Recorded information Block Start
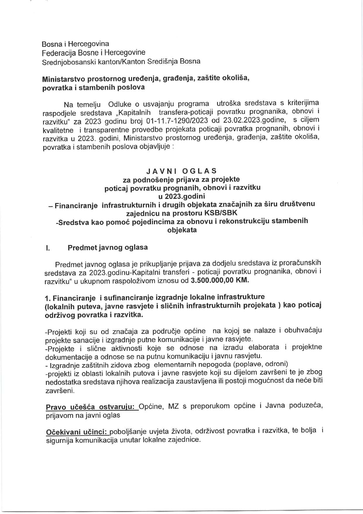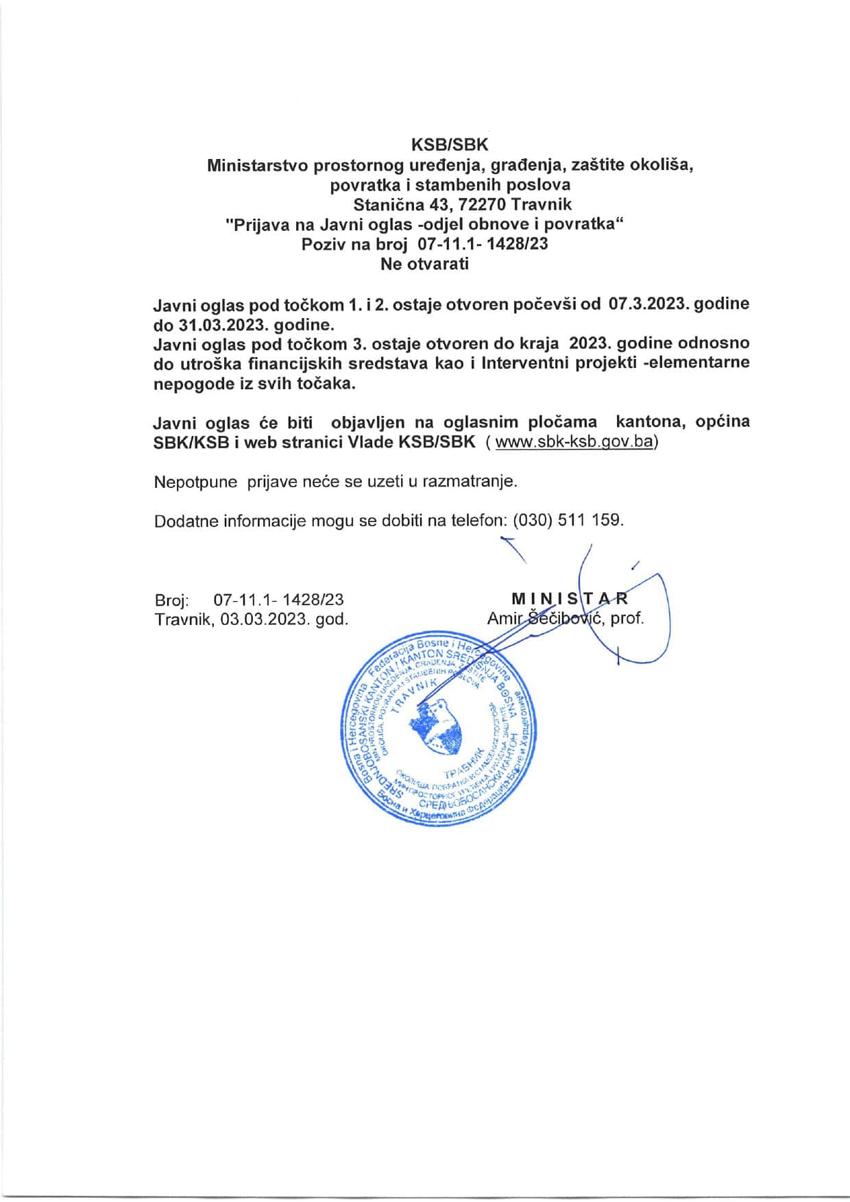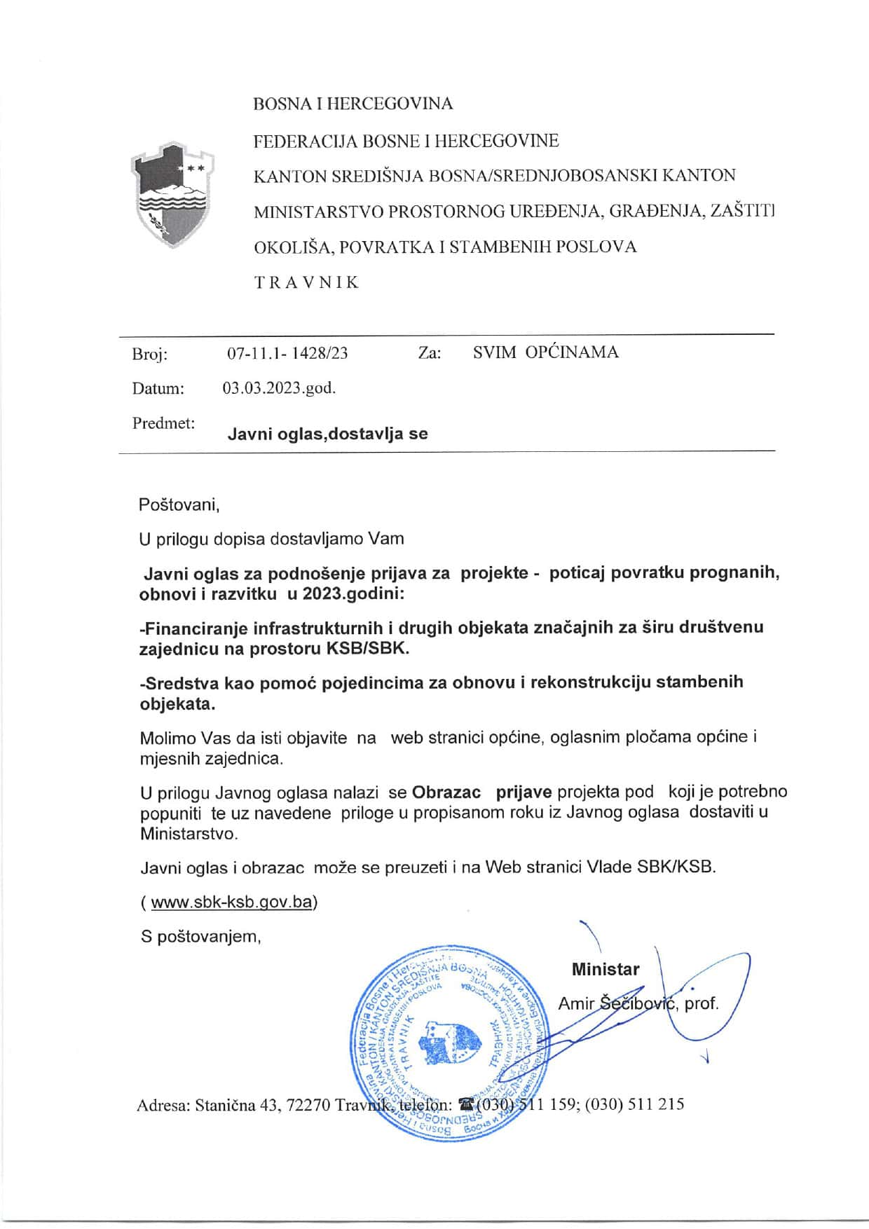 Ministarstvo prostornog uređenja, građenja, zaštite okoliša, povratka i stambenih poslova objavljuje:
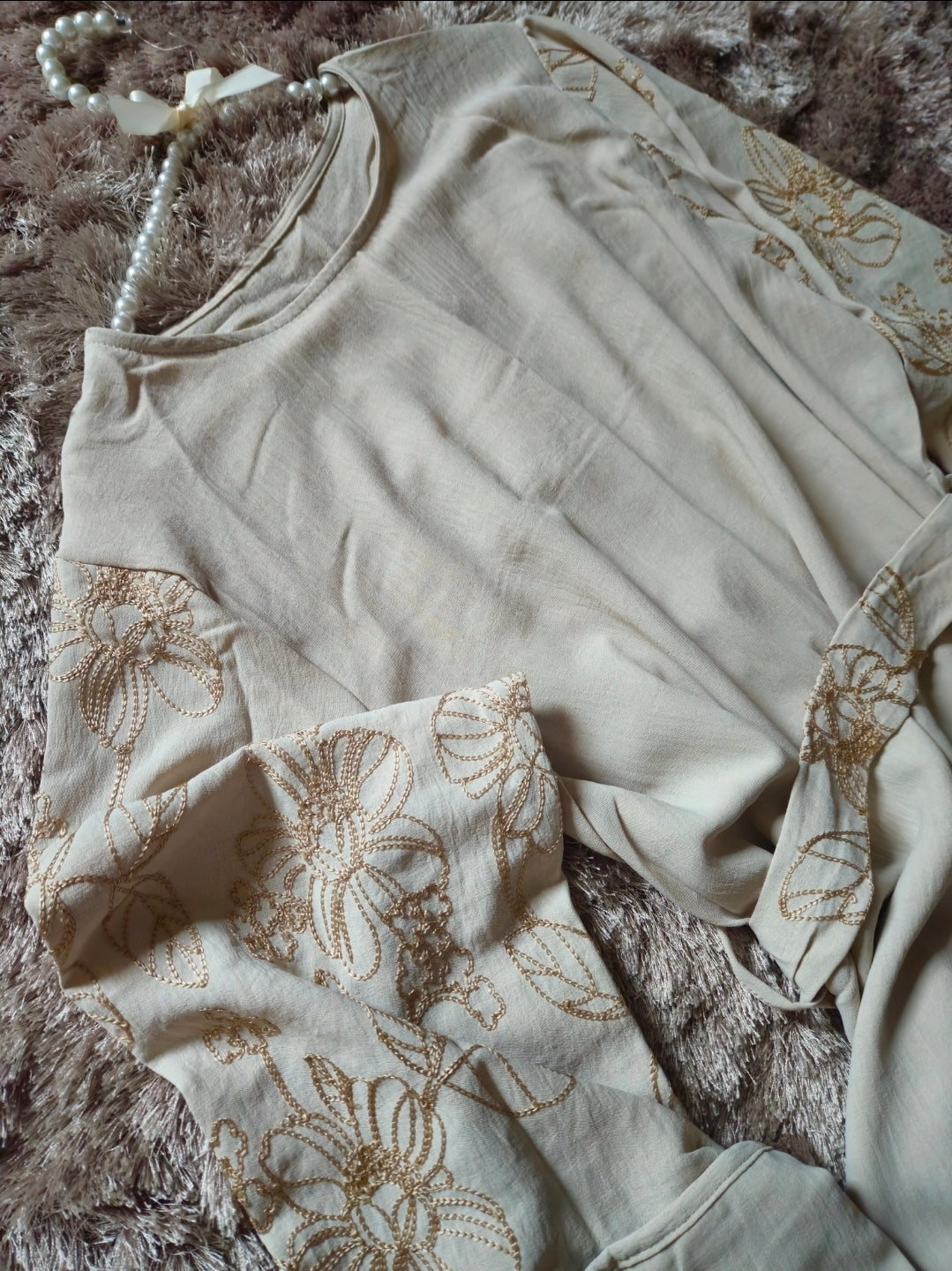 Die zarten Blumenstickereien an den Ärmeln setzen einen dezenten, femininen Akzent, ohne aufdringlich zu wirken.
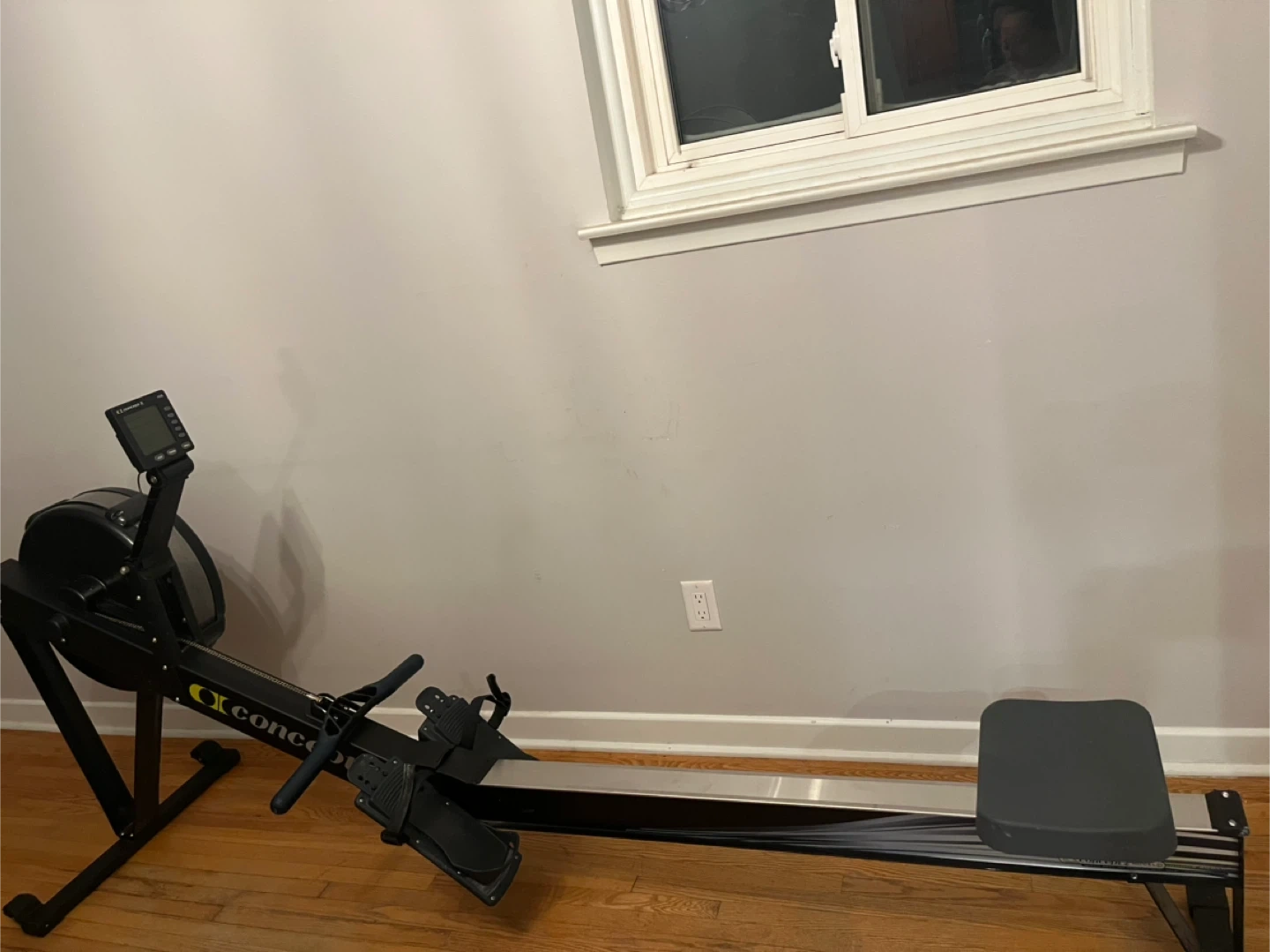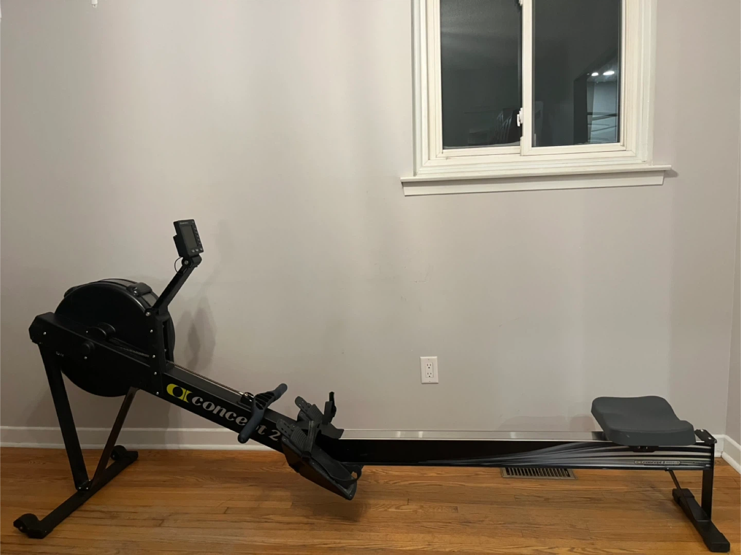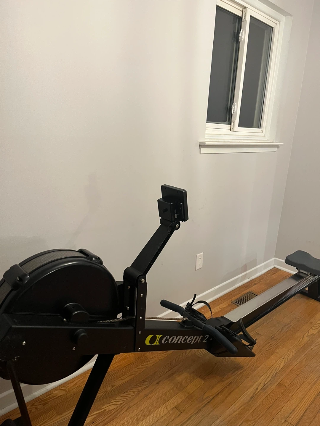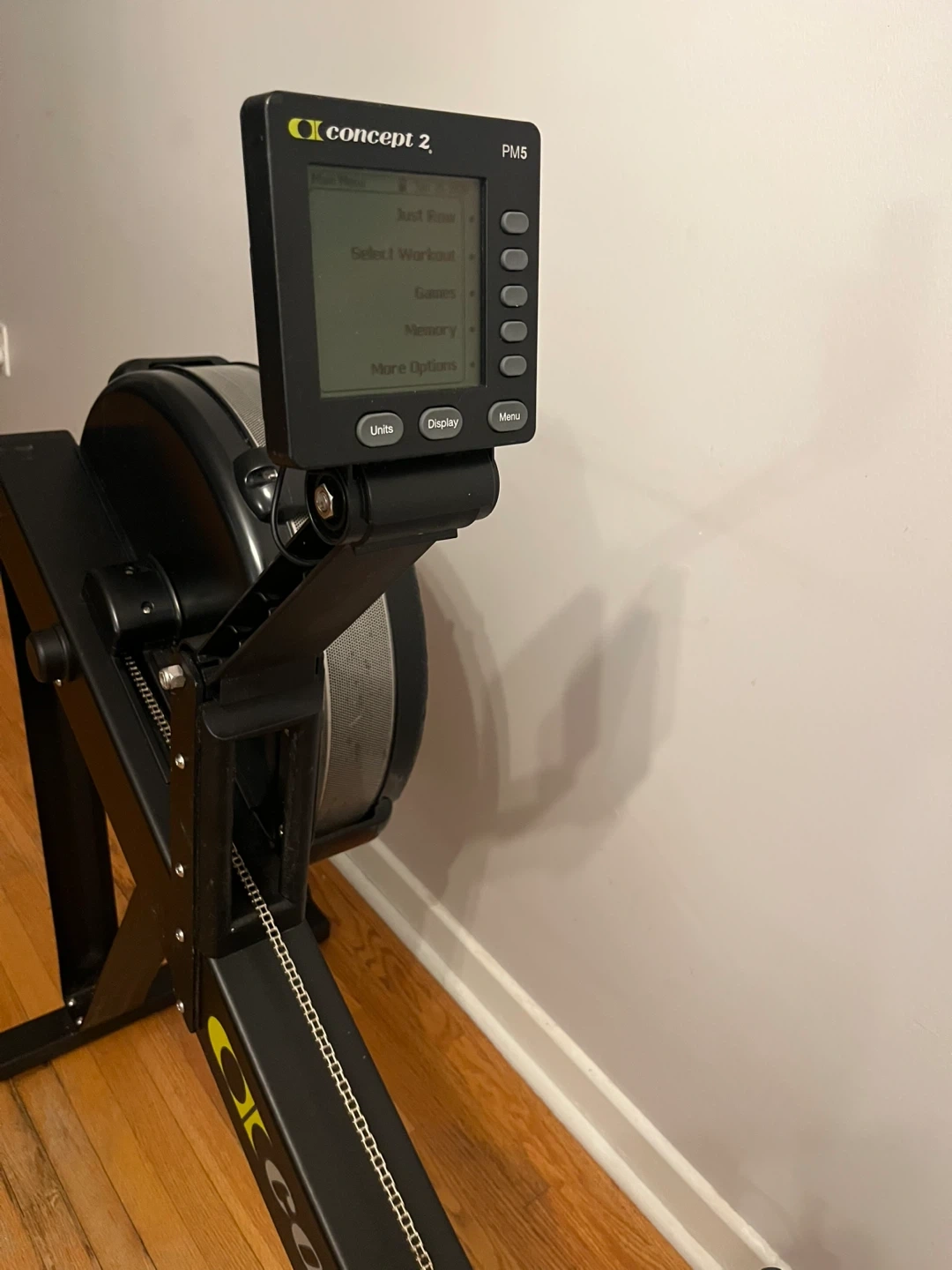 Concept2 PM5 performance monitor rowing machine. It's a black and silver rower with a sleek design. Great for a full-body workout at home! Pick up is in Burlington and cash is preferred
Recorded information Block End
Exercise details
From the material above, reproduce everything verbatim except the pictures.

Exercise result
 Ministarstvo prostornog uređenja, građenja, zaštite okoliša, povratka i stambenih poslova objavljuje:
 Die zarten Blumenstickereien an den Ärmeln setzen einen dezenten, femininen Akzent, ohne aufdringlich zu wirken.
 Concept2 PM5 performance monitor rowing machine. It's a black and silver rower with a sleek design. Great for a full-body workout at home! Pick up is in Burlington and cash is preferred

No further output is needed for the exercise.